Наполеон III — представитель высшей современной цивилизации, прогресса, культуры и утонченности; Абдул-Азиз — представитель нации, по своей природе и обычаям нечистоплотной, жестокой, невежественной, консервативной, суеверной, представитель правительства, тремя грациями которого являются Тирания, Алчность, Кровь. Здесь, в блестящем Париже, под величественной Триумфальной аркой, первое столетие встречается с девятнадцатым.

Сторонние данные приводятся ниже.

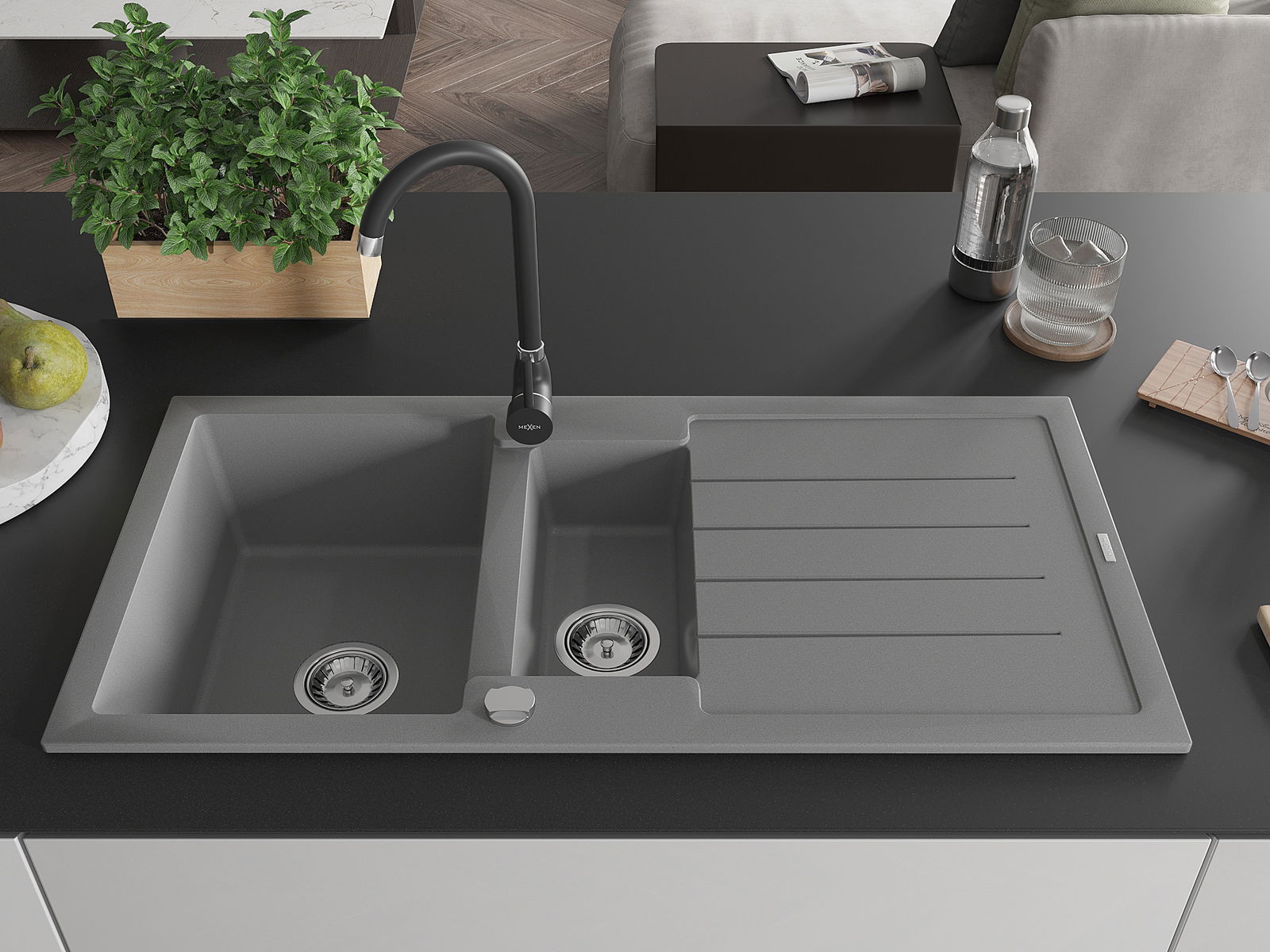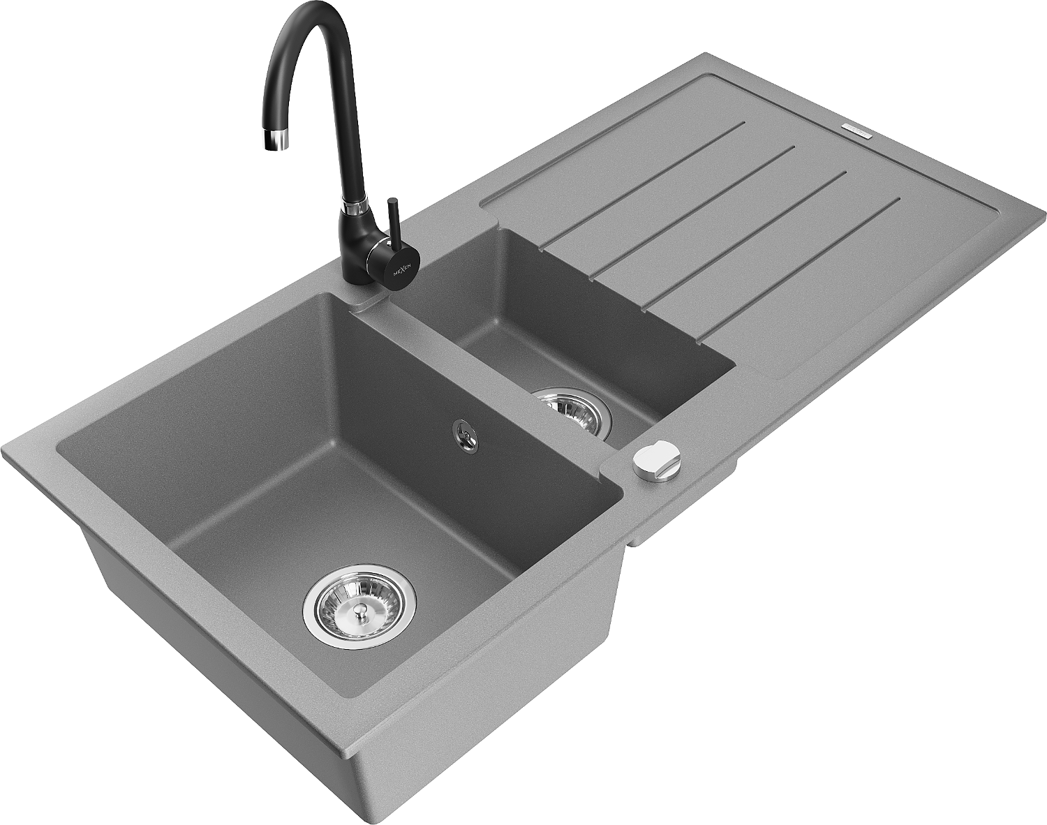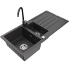 Mexen Andres гранитна мивка с 1,5 камери, сушилник и кухненски смесител Telma, сив - 6515-71-670200-70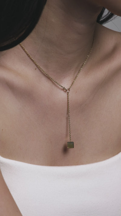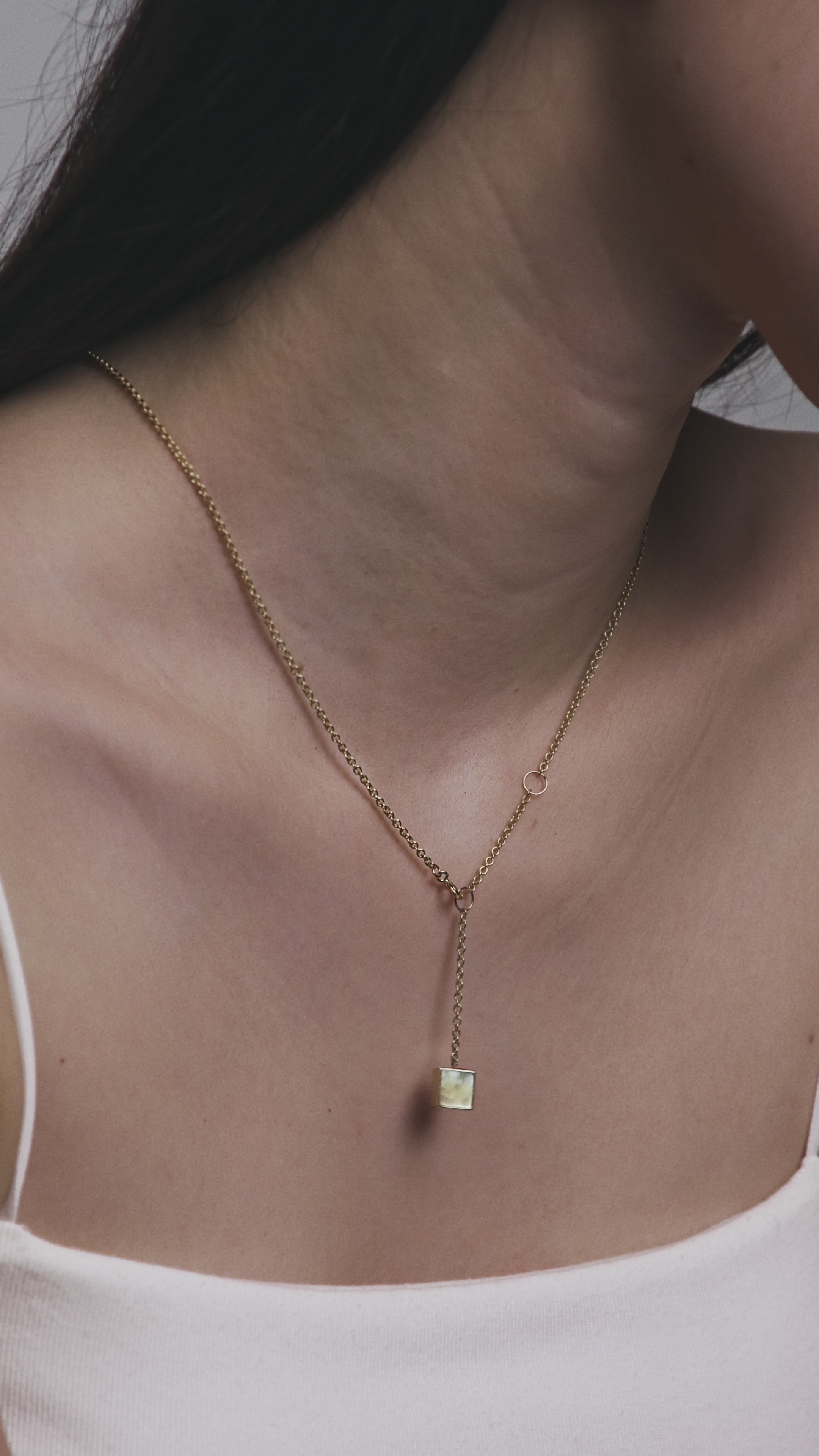 A necklace made of 10K gold and yellow mother-of-pearl, available in two lengths.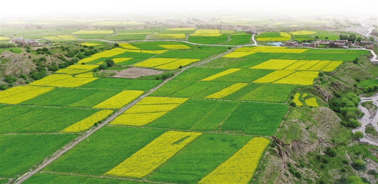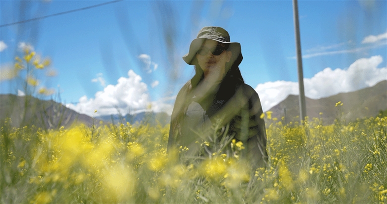 7月初,記者一行驅車從拉薩出發(fā),在開往錯那市的路上,經(jīng)過了瓊結縣百畝油菜花和隆子縣錯落有致的油菜花田。烈日下,油菜花是這片大地的“主角”,是山南市每年盛夏從不缺席的芬芳。一路走來,油菜花肆意地盛開在道路兩旁、村莊里、半山腰……微風拂過,花朵搖曳生姿綻放著,從稍遠處看,俗坡奴村錯落分布在黃綠交錯的田野中,仿若一幅美麗清新的鄉(xiāng)村田野詩畫。此時,看風景的行人紛紛鉆進花田中,仿佛是跟油菜花“爭芳斗艷”。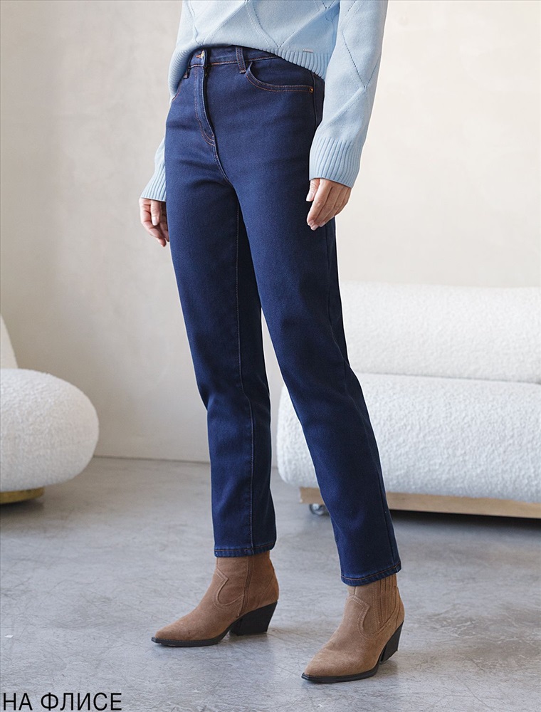 Джинсы силуэта mom-fit выполнены из эластичного денима плотностью 17.6 oz. Внутренняя сторона изделия утепленная мягким флисом надежно защищает от холода и ветра. Любимая во всем мире модель с посадкой на талии подчеркивает фигуру и скрывает недостатки. Мастхэв на холодную осень и зиму и самый удобный элемент повседневного гардероба.

Наполеон III, французский император! Среди ликующих толп, среди блестящих офицеров, среди великолепия своей столицы, окруженный королями и принцами, стоял человек, который терпел презрение, насмешки, позорное прозвище «незаконнорожденный» — и грезил об империи и короне; был изгнан — и увез с собой свои грезы; жил среди американского простонародья, бегал вперегонки на пари — и все это время в мечтах восседал на троне; пренебрег всеми опасностями, чтобы проститься со своей умирающей матерью, — и горевал, что она не дожила до минуты, когда он сменил плебейскую одежду на императорский пурпур; был простым лондонским полицейским, добросовестно нес службу, совершал скучные обходы своего участка — и грезил о том дне, когда он пройдет по залам Тюильри; потерпел позорное фиаско в Страсбурге[29]; видел, как его жалкий, облезлый орел, забыв уроки, не захотел опуститься на его плечо; произносил тщательно обдуманные красноречивые тирады перед враждебными слушателями; был заключен в тюрьму; стал мишенью пошлых остряков, предметом безжалостных насмешек всего мира — и продолжал грезить о коронациях и великолепных празднествах; томился, забытый всеми, в темнице замка Гам[30] — и все-таки, как и прежде, строил планы и мечтал о будущей славе, о будущей власти; и вот он — президент Франции! Государственный переворот — и, окруженный ликующими войсками, приветствуемый громом пушек, он восходит на трон и поднимает перед пораженным миром скипетр могущественной империи! Что после этого романтические вымыслы? Волшебства сказок? Ничтожные триумфы Аладина и магов Аравии?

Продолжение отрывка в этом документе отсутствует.